В действительности, сильную путаницу создавала быстрота, с которой действовал Павел, невзирая на расстояние и Эгейское море. Он послал Тимофея в Коринф, получив послание от Хлоя, в котором тот сообщал о серьезных разногласиях в обществе, но когда Тимофей прибыл туда, уполномоченные Церковью уже отправились к Павлу, чтобы представить ему их собственное понимание событий. Когда Тимофей в конце концов снова возвратился в Ефес, он не застал там Стефания и его помощников, которые уже отправились в Коринф с посланием от Павла[772].
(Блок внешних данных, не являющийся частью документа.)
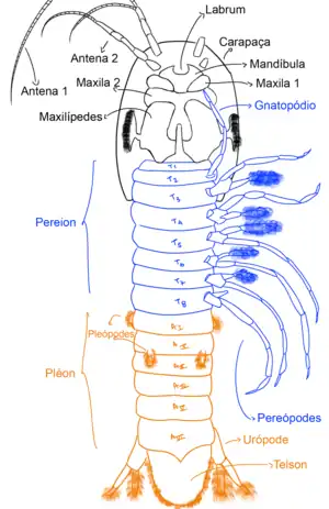 En la cabeza, la boca está rodeada por los labios superior e inferior (o labro y labio), la mandíbula, los maxilares 1 y 2 y los maxilípedos. El labio superior es una extensión del tegumento anterior del caparazón.
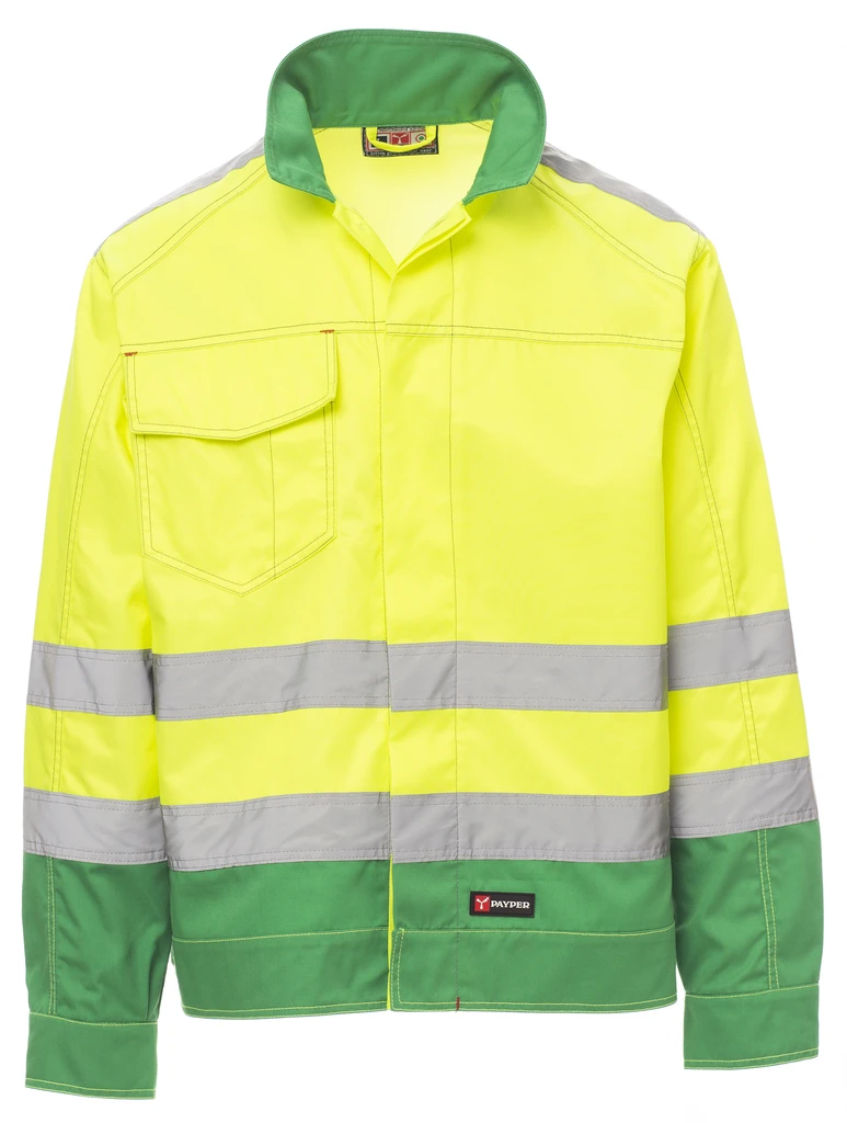 All season unisex lightweight high visibility jacket with reflective stripes, front fastening with plastic buttons and flap, cuff button fastening, adjustable hem with Velcro. Contrasting stitching, smartphone pocket, detachable badge holder and pen holder in the chest pocket with flap and Velcro, jeans-style fitted model
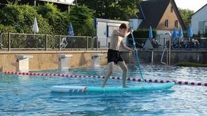 Für diesen SportSpaß werden zwei Bahnen jeden Montag von 15.00 Uhr bis 18.00 Uhr gesperrt. Ihren Gleichgewichtssinn können Kinder und Jugendliche mit viel Spaß auf dem Board trainieren. Aber, die jungen Schwimmerinnen und Schwimmer müssen das Jugendschwimmabzeichen in Bronze den Bademeistern vorweisen, bevor sie auf das Board steigen. Zusätzliche Gebühren zu dem Freibadeintritt fallen natürlich nicht an. Damit alle jungen Schwimmerinnen und Schwimmer den Sport-Spaß probieren können, wird das Paddling zeitlich begrenzt. "Sollte das Freibad auf Grund des Wetters aus allen "Nähten" platzen und wir nicht auf zwei Bahnen verzichten können, dann muss das Angebot leider ausfallen", informiert das Bademeisterteam .
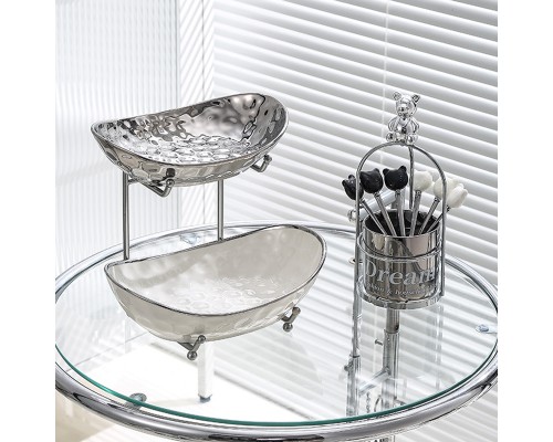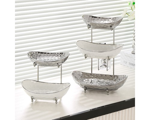 【高級銀】元寶兩層盤+紙巾盒+6叉小熊架 (NT1,420)
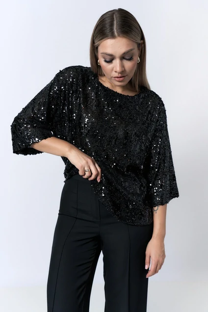 Блуза свободного силуэта. Из пайеточной,нарядной ткани. Горловина округлой формы. Рукав спущенный,¾.
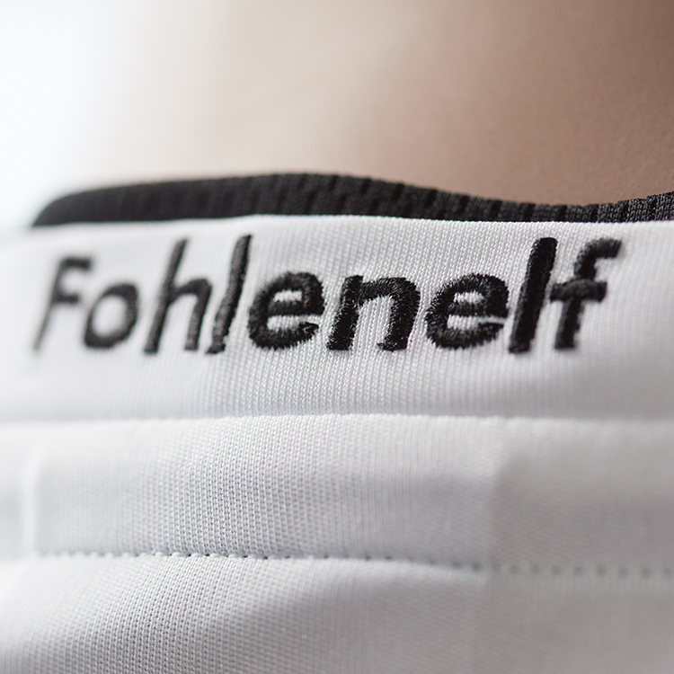 背面の襟下に入れられた『Fohlenelf』はクラブの愛称で「仔馬」を意味する。
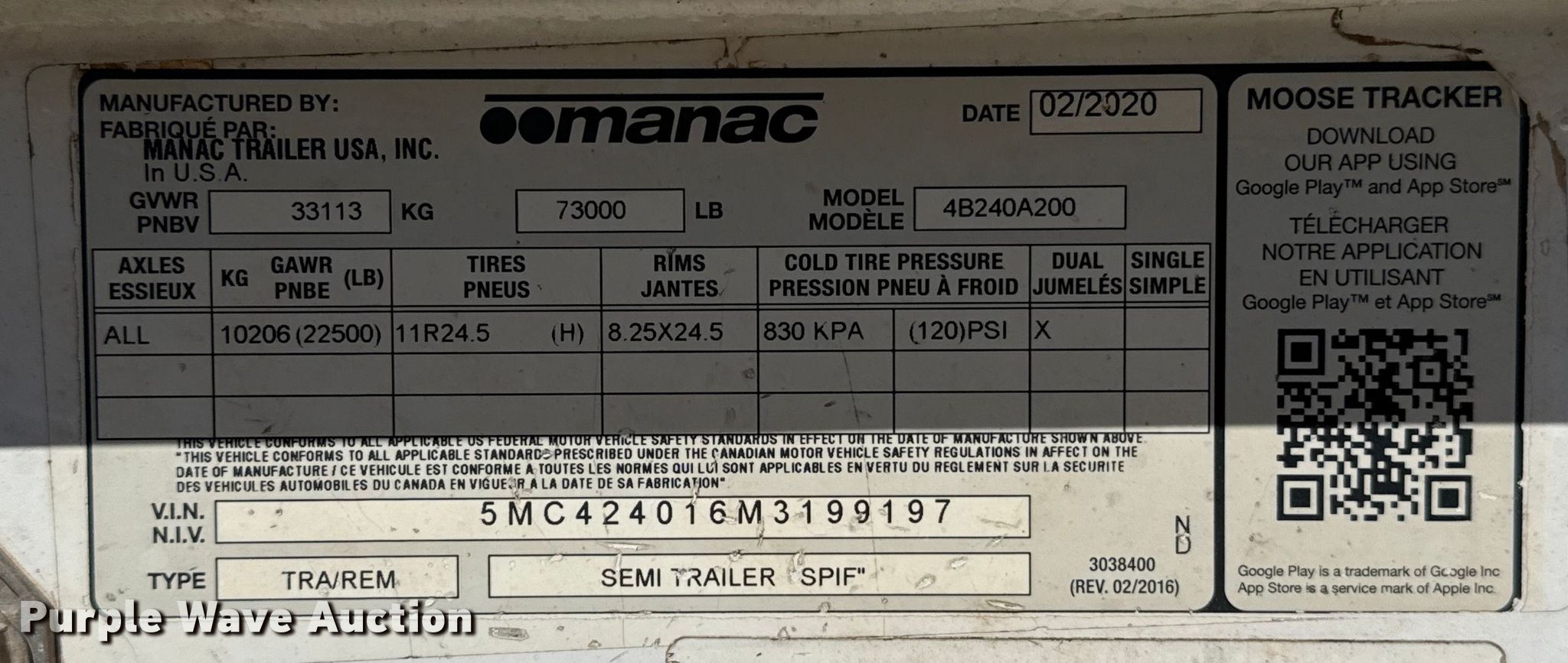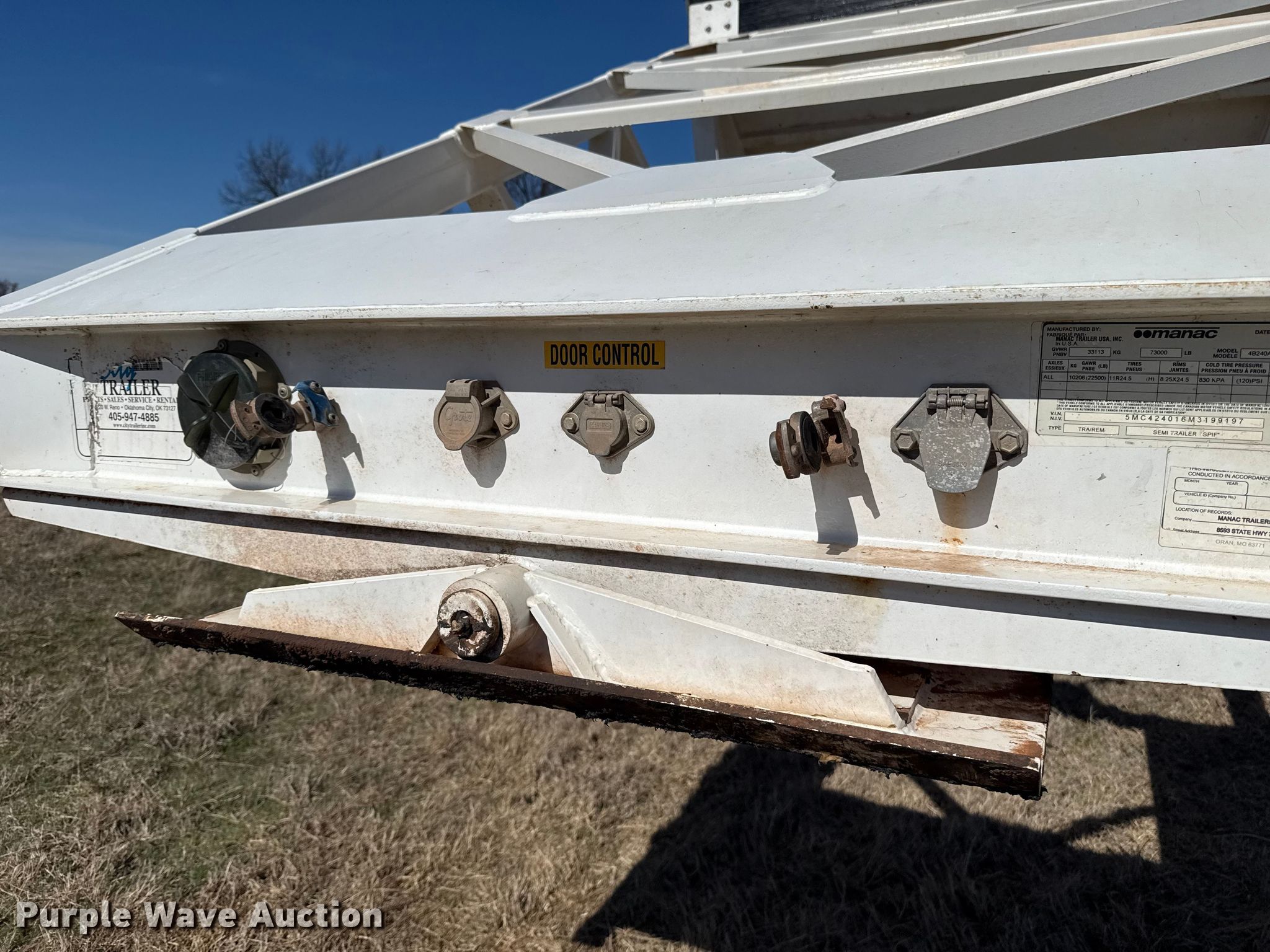 Purple Wave is selling a used Bottom Dump Trailer in Oklahoma. This item is a 2021 Manac 4B240A200 bottom dump trailer with the following: VIN: 5MC424016M3199197
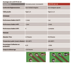 Véritable innovation sur le marché des crèmes à braser : Henkel a développé la première crème à braser stable en température. La LOCTITE GC 10 est stable à 26.5°C pendant un an et jusqu’à 40°C pendant un mois, ce qui représente de nombreux avantages en logistique et en production – depuis la réception jusqu’à la sérigraphie et la refusion.
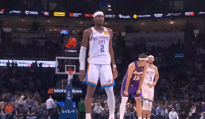次節(jié)回來,小米切爾反擊中果斷出手三分命中,還造成斯馬特打手犯規(guī),吉昂點起艾頓,利用節(jié)奏后仰中距離也投進,小米切爾倒地送出秒傳,助攻哈滕完成空接灌框,雷霆已經(jīng)領(lǐng)先到19分。卡魯索極限搶斷里夫斯,反擊追身三分彈進籃筐,亞歷山大一步變向過掉八村壘,接上下步挑籃得手,分差已經(jīng)拉開到25分。斯馬特干拔三分終于命中,投進湖人第二節(jié)的首個運動戰(zhàn)進球,目前全隊10中1,里夫斯單吊內(nèi)線又被搶斷,送出全隊第11記失誤,喬轉(zhuǎn)換三分再投中,半場戰(zhàn)罷,雷霆70-38領(lǐng)先到湖人32分。

Итак, несмотря ка то, что Павел передвигается в этот период мало, он много пишет. Он несколько раз объявляет о своем визите к коринфянам, но без конца откладывает его и, надо полагать, не планирует путешествия раньше, чем осуществит торжественное возвращение в Иерусалим после общего осмотра европейских Церквей[773]. Таким образом, переписка была частой и имела важное значение для обеих сторон, хотя сохранились только несколько писем Павла. Коринфяне особенно охотно сообщались с ним через курьера[774].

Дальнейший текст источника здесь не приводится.